于瑾,白皛,吳士文,徐蔚海,吳衛(wèi)平

?

應(yīng)用高分辨率磁共振成像評估腦動(dòng)脈粥樣硬化斑塊的研究進(jìn)展①

于瑾1,2a,白皛2b,吳士文2a,徐蔚海3,吳衛(wèi)平1

[摘要]高分辨率磁共振成像(HRMRI)是一項(xiàng)安全、無創(chuàng)、經(jīng)濟(jì)和可重復(fù)的檢查方法,可以精確反映動(dòng)脈粥樣硬化的程度,對未來的臨床事件有較高的預(yù)測價(jià)值。其核磁掃描像素可達(dá)到亞毫米級,采用“黑血”技術(shù),廣泛應(yīng)用于動(dòng)脈管壁及斑塊成分的研究。

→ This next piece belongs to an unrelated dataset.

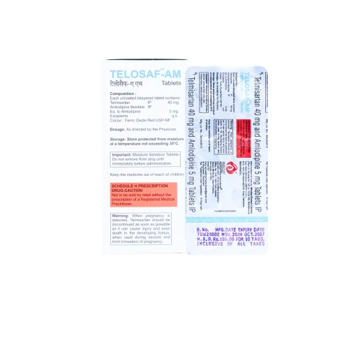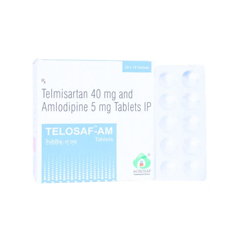 | Description: | TELOSAF AM Tablet is a combination of Telmisartan 40mg (an angiotensin II receptor blocker – ARB) and Amlodipine 5mg (a calcium channel blocker), used for the effective management of hypertension (high blood pressure). Telmisartan relaxes blood vessels by blocking angiotensin II, while Amlodipine helps widen blood vessels by inhibiting calcium influx. This dual mechanism ensures better blood pressure control and reduces cardiovascular risks. |
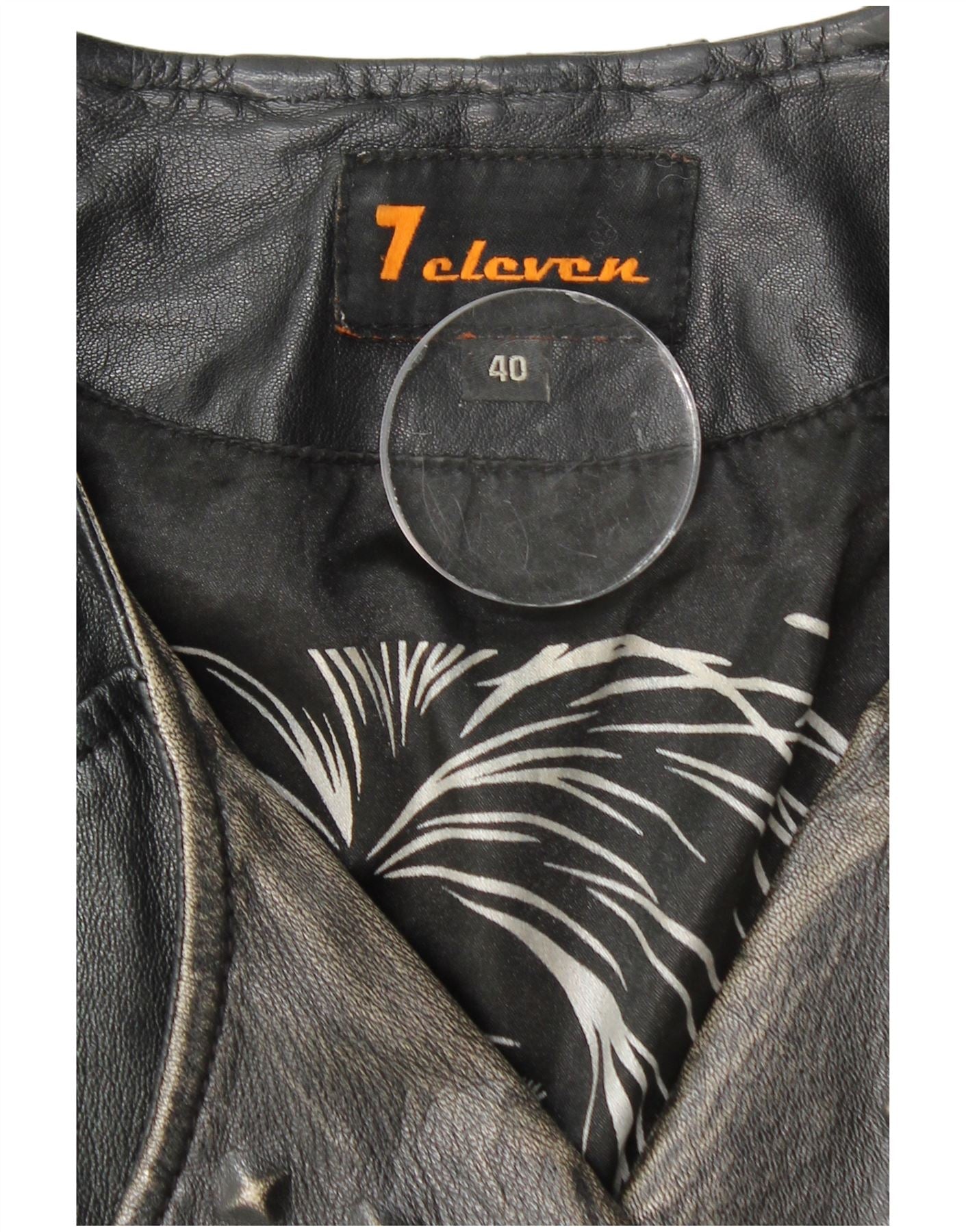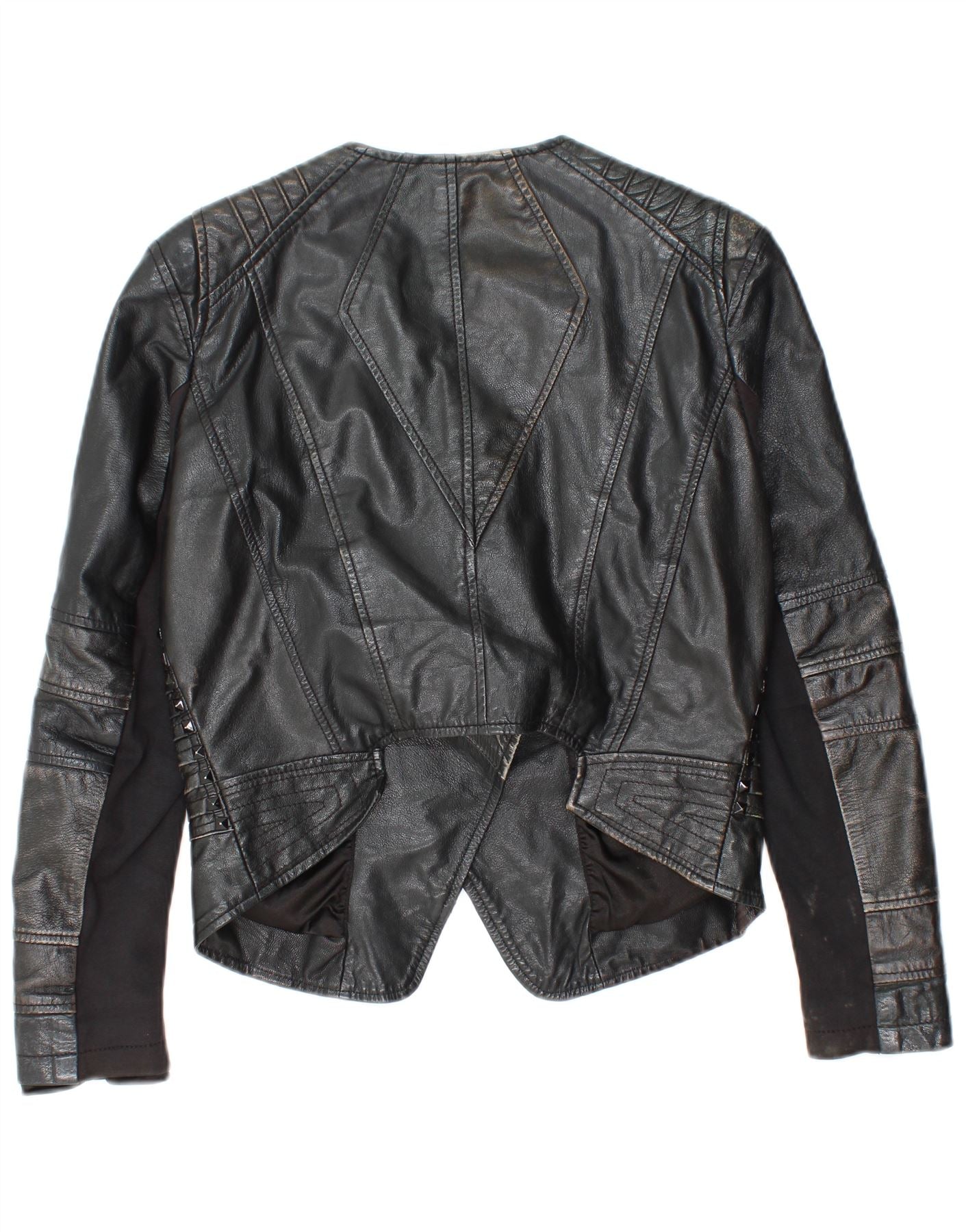 Vintage Dame Crop Læder Biker Jacket IT 40 Lille sort læder

應(yīng)用HRMRI評估腦動(dòng)脈粥樣硬化斑塊的易損性,包括動(dòng)脈重塑、斑塊負(fù)荷、斑塊內(nèi)出血和強(qiáng)化、斑塊分布等特點(diǎn),具有重要的臨床意義。

[關(guān)鍵詞]高分辨率;磁共振成像;腦動(dòng)脈;動(dòng)脈粥樣硬化;斑塊;綜述

[本文著錄格式]于瑾,白皛,吳士文,等.應(yīng)用高分辨率磁共振成像評估腦動(dòng)脈粥樣硬化斑塊的研究進(jìn)展[J].中國康復(fù)理論與實(shí)踐, 2016, 22(2): 164-167.

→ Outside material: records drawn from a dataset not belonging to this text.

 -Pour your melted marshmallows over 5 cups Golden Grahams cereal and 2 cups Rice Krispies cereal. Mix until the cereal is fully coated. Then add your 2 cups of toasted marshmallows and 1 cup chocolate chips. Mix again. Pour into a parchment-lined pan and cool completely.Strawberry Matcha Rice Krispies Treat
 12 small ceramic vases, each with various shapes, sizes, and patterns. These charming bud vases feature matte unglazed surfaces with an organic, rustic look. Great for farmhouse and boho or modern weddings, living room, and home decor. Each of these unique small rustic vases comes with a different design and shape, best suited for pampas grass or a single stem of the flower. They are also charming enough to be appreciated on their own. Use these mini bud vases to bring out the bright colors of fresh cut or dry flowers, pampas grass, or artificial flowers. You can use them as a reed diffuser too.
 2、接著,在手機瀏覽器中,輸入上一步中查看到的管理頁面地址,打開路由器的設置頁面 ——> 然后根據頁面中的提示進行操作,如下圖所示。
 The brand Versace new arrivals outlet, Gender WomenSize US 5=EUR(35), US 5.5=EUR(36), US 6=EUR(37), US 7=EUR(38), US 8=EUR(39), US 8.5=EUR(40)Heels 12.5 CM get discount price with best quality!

CITED AS: Yu J, Bai X, Wu SW, et al. Progress of high-resolution magnetic resonance imaging in evaluating cerebral atherosclerotic plaques (review) [J]. Zhongguo Kangfu Lilun Yu Shijian, 2016, 22(2): 164-167.

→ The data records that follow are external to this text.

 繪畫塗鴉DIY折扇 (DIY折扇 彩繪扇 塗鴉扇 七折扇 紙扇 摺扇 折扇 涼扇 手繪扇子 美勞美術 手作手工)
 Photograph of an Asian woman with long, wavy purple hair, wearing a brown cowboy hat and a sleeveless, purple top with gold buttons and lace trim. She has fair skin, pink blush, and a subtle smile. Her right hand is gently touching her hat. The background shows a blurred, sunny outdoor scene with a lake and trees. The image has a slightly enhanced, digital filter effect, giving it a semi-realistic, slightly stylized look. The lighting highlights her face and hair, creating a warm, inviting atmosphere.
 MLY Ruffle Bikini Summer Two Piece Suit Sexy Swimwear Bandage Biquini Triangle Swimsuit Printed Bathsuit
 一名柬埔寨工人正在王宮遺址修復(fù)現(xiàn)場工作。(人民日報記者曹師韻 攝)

作者單位:1.解放軍總醫(yī)院老年神經(jīng)內(nèi)科,北京市100853;2.武警總醫(yī)院,a.神經(jīng)內(nèi)科;b.南一科,北京市100039;3.中國醫(yī)學(xué)科學(xué)院北京協(xié)和醫(yī)院神經(jīng)科,北京市100730。作者簡介:于瑾(1980-),女,漢族,河北保定市人,醫(yī)學(xué)碩士,主治醫(yī)師,主要研究方向:顱內(nèi)動(dòng)脈的高分辨率磁共振研究。通訊作者:吳衛(wèi)平,男,醫(yī)學(xué)博士,主任醫(yī)師。E-mail: wuwp@vip.sina.com。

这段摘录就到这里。